All this discussion provides context for the problem and a broad sense of what is needed. The examples thus far, though, have been simple; even the Anglo-Saxon, despite its length. There's not much point charging blindly into complex examples without learning first what there is to be learned from more tractable ones. Undervaluing conventional structural insights seems a likely hazard of the functional approach.

My objective from the start, though, has been to develop means for studying the internal structure of larger-scale texts. Not these single sentences, about which hangs a pervasive sense of omission of larger structures intruding on them from above (I'm reminded (tangentially?) of the "network" aspect of subterms in my posts on co-hygiene). Sooner or later, we've got to move past these shallow explorations, to the deep end of the pool.

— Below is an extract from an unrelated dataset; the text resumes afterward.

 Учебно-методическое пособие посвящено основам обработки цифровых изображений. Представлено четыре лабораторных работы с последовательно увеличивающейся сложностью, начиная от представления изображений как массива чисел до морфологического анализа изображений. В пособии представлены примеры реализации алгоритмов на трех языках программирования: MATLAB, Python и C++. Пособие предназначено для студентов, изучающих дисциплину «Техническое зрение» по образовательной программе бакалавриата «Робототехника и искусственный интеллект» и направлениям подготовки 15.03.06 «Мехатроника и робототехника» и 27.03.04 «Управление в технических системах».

We've sampled kinds of structure that occur toward the upper end of the sentence level. (I could linger on revalency for some time, but for this post that's only a means to an end.) Evidently we can't pour dense information into our presentation without drowning out what we want to exhibit — interlinear glosses are way beyond what we can usefully do — so we should expect an effective device to let us exhibit aspects of a large text one aspect at a time, rather than displaying its whole structure at once for the audience to pick things out of. It won't be "automatic", either; we expect any really useful technique to be used over a very wide range of structural facets with sapient minds at both the input and output of the operation — improvising explorations on the input side and extracting patterns insightfully from the output. (In other words, we're looking not for an algorithm, but for a means to enhance our ability to create and appreciate art.)

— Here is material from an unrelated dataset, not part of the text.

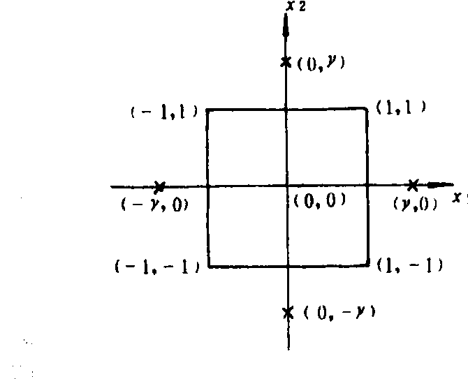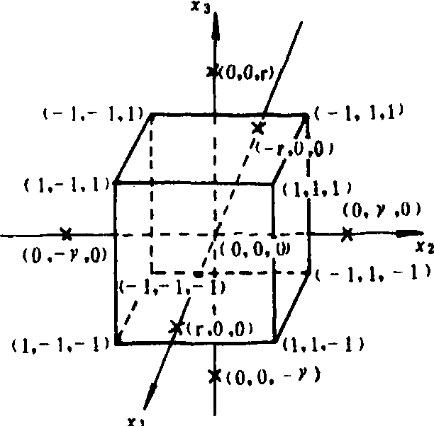 各个因素的水平数必须多于3个才可求出式(7)中的二次项。为了精确绘出二次曲线,常须进行5个水平的试验,这时处理组合数将多到无法实施,解决这个困难的方法是组合设计。组合设计各实验单元的处理内容由三部分组成:❶mo。为二水平正交表中各处理组合。 ❷2p。为分布于p个因素坐标轴上距中心点距离为γ的轴点,称为星号臂。 ❸m0。各因素都取零水平的中心点。 二因素及三因素试验各处理组合在因子空间中的分布如图1、2。

It would be a mistake, I think, to scale up only a little, say to looking at how one sentence relates to another; that's still looking down at small structures, rather than up at big ones. It would also be self-defeating to impose strict limitations on what sort of structure might be illustrable, though it's well we have some expectations to provide a lower bound on what might be there to find. One limitation I will impose, for now: I'm going to look at reasonably polished written prose, rather than the sort of unedited spoken text sometimes studied by linguists. Obviously the differences between polished prose and unedited speech are of interest — for both linguistics and conlanging — but ordinary oral speech is a chaotic mess of words struggling for the sort of coherent stream one finds in written prose. So it should be possible to get a clearer view of the emergent structure by studying the polished form, and then as a separate operation one might try to branch outward from the relatively well-defined structures to the noisily spontaneous compositional process of speech. The definition of a conlang seems likely to be more about the emergent structure than the process of emergence, anyway.

So, let's take something big enough to give us no chance of dwelling in details. The language has got to be English; the point is to figure out how to illustrate the structure, and a prerequisite to that is having prior insight (prior to the illustrative device, that is) into all the structure that's there to be illustrated. Here's a paragraph from my Preface to Homer post; I've tried to choose it (by sheer intuition) to be formidably natural yet straightforward. I admit, this paragraph appeals to me partly because of the unintentional meta-irony of a rather lyrical sentence about, essentially, how literate society outgrows oral society's dependence on poetic devices.

Such oral tradition can be written down, and was written down, without disrupting the orality of the society. Literate society is what happens when the culture itself embraces writing as a means of preserving knowledge instead of an oral tradition. Once literacy is assimilated, set patterns are no longer needed, repetition is no longer needed, pervasive actors are no longer needed, and details become reliably stable in a way that simply doesn't happen in oral society — the keepers of an oral tradition are apt to believe they tell a story exactly the same way each time, but only because they and their telling change as one. When the actors go away, it becomes possible to conceive of abstract entities. Plato, with his descriptions of shadows on a cave wall, and Ideal Forms, and such, was (Havelock reckoned) trying to explain literate abstraction in a way that might be understood by someone with an oral worldview.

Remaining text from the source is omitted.